Figure 9. Summary of the results from removing the endothelium and blocking with the α₁-antagonist, prazosin (n = 4)

A shows the change in ATP overflow with prazosin from the control condition. Prazosin attenuated ATP overflow in the late phase in 2 out of 3 arterioles studied (P > 0.05). B shows the mean response for the control and prazosin condition. Blocking α₁-receptors with prazosin resulted in a small attenuation of ATP overflow.
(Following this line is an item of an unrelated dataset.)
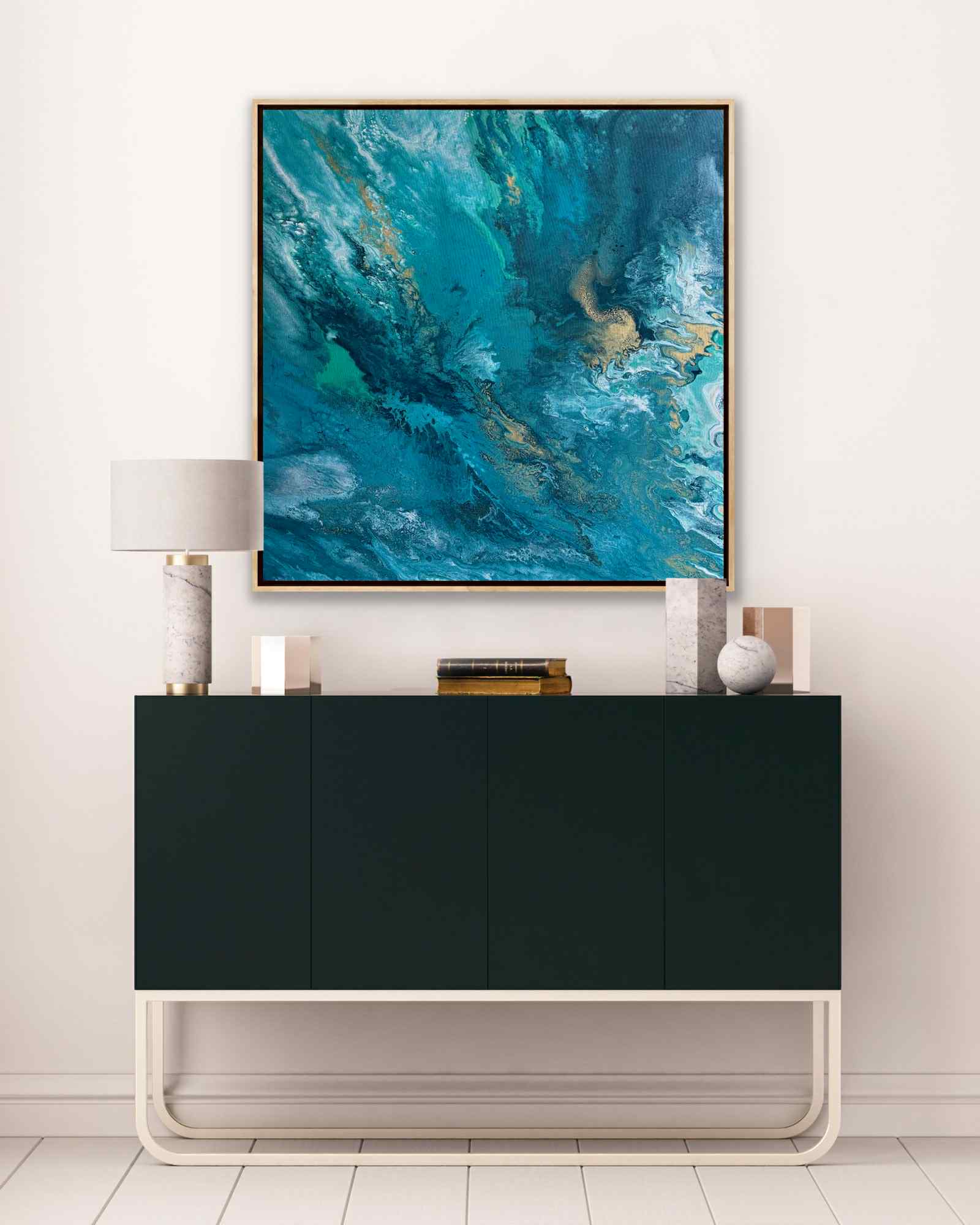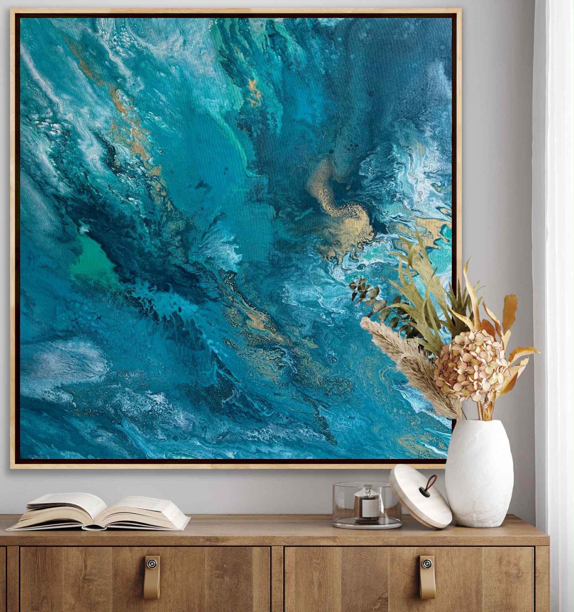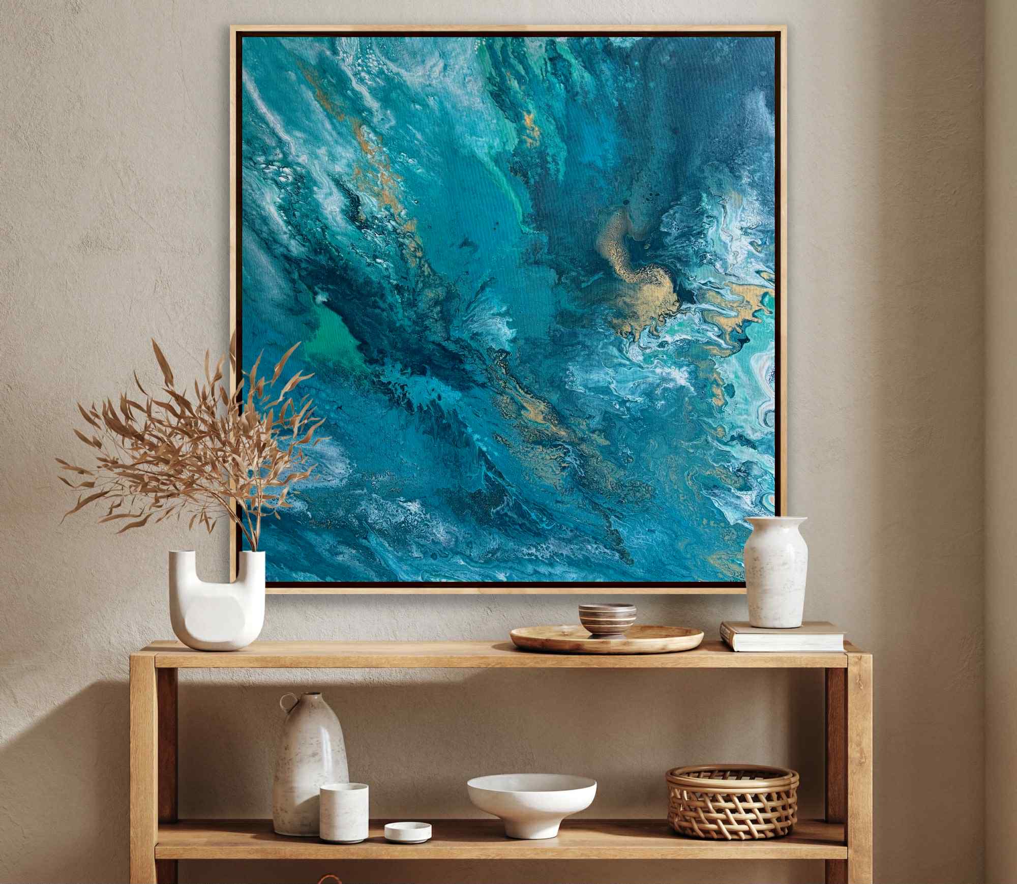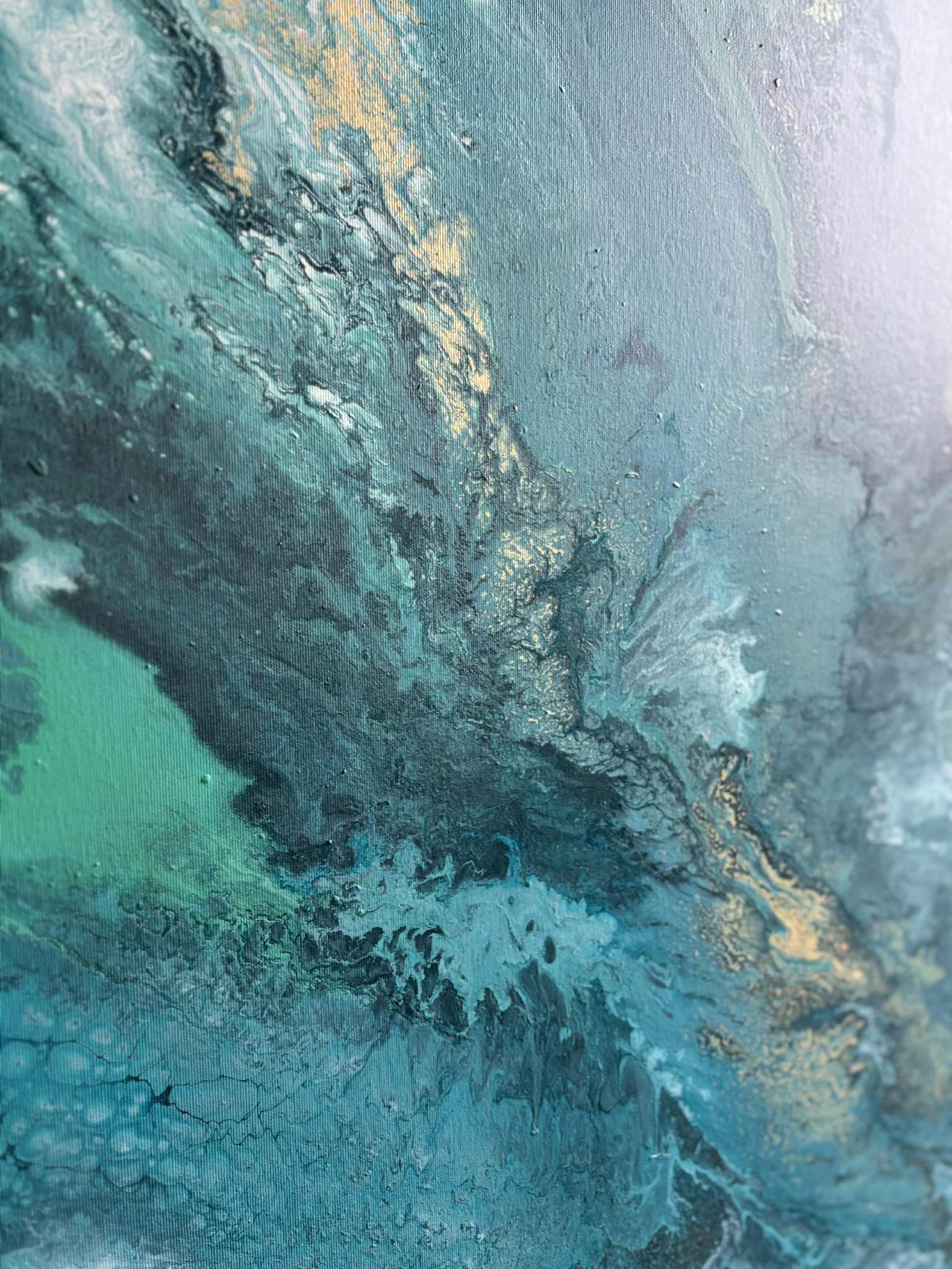 „Zanurzenie” to malarska podróż w głąb żywiołu, w której intensywne odcienie turkusu, głębokiej zieleni i płynącego granatu tworzą wrażenie ruchu, falowania i nieustannego przepływu energii. Kompozycja przypomina moment, w którym patrzymy w głąb oceanu — tam, gdzie światło tańczy na powierzchni, a głębie skrywają swoją własną, spokojną siłę.
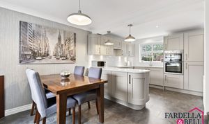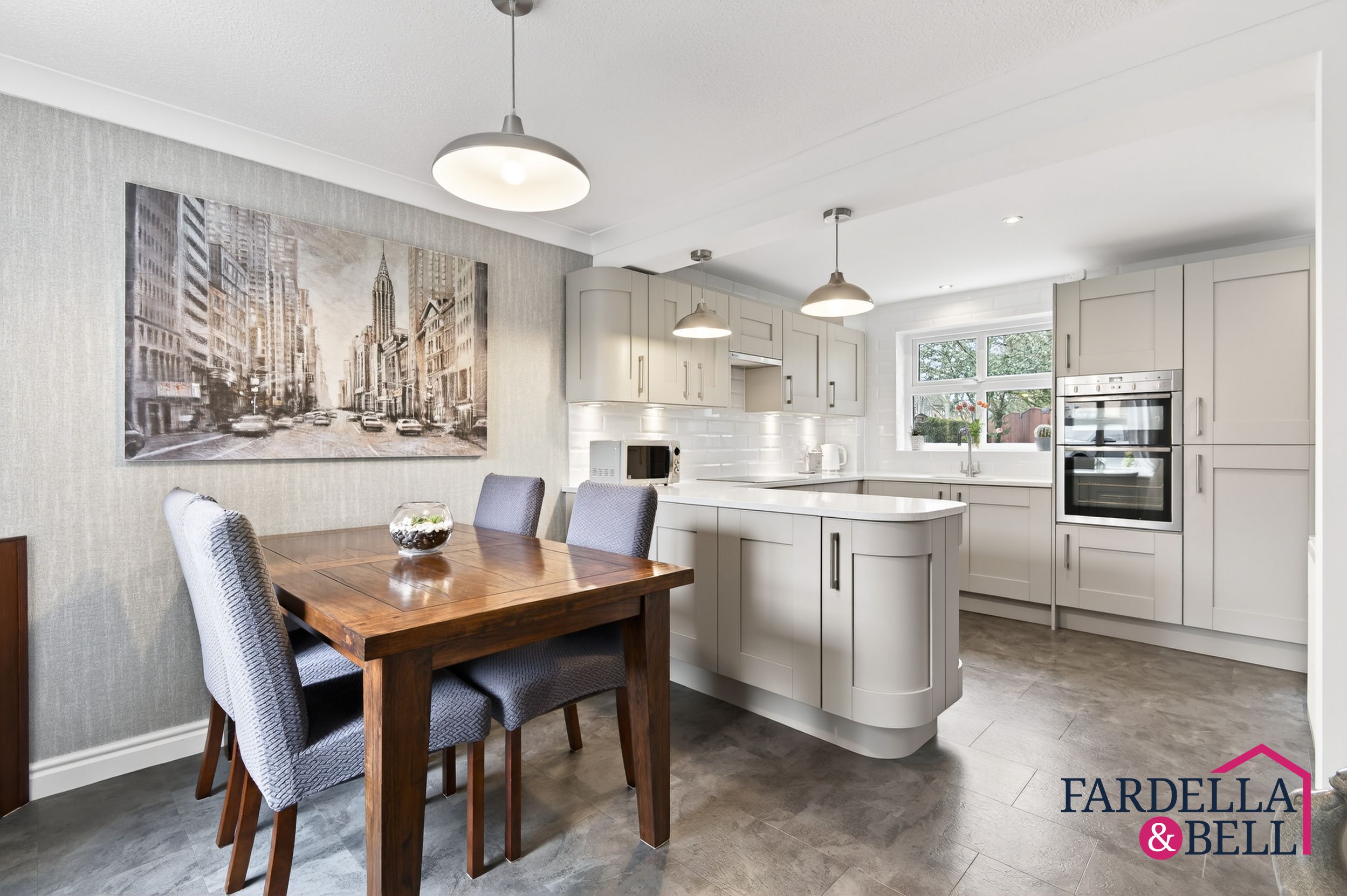 This beautifully presented home is a testament to the current owner. Upon entering, the ground floor opens into a spacious lounge which features a contemporary fireplace with natural stone surround, surround and large dual aspect windows that ensures the space is bright and welcoming. The standout feature of the ground floor is the bespoke kitchen which has been seamlessly opened up into the dining area to create a social hub. It boasts sleek cabinetry complemented by premium granite work surfaces and high quality integrated appliances including a NEFF double oven, FRANKE sink, FRANKE taps and induction hob. Both the living room and kitchen boast a stunning wooded aspect to the rear. A convenient downstairs WC completes the ground floor.

Figure 10. Mean ATP overflow from 1A arterioles from young adult, mature adult and middle aged rats

Arterioles from young adult (2 months old, n = 7) animals (A) had high ATP release in the first 20 s following field stimulation and again at the 25 to 60 s time point. Mature adult rats (6 months old, n = 4; B) had a small ATP overflow from 0 to 10 s and again starting at 35 s following field stimulation (P < 0.05 different from 2-month- and 12-month-old groups). ATP overflow in middle aged animals (12 months old, n = 5; C) followed a similar pattern as occurred in the younger animals, but the magnitude of the response was approximately 4-fold higher (P < 0.05), compared to 6-month-old animals. *P < 0.05 different from 2-month- and 12-month-old animals.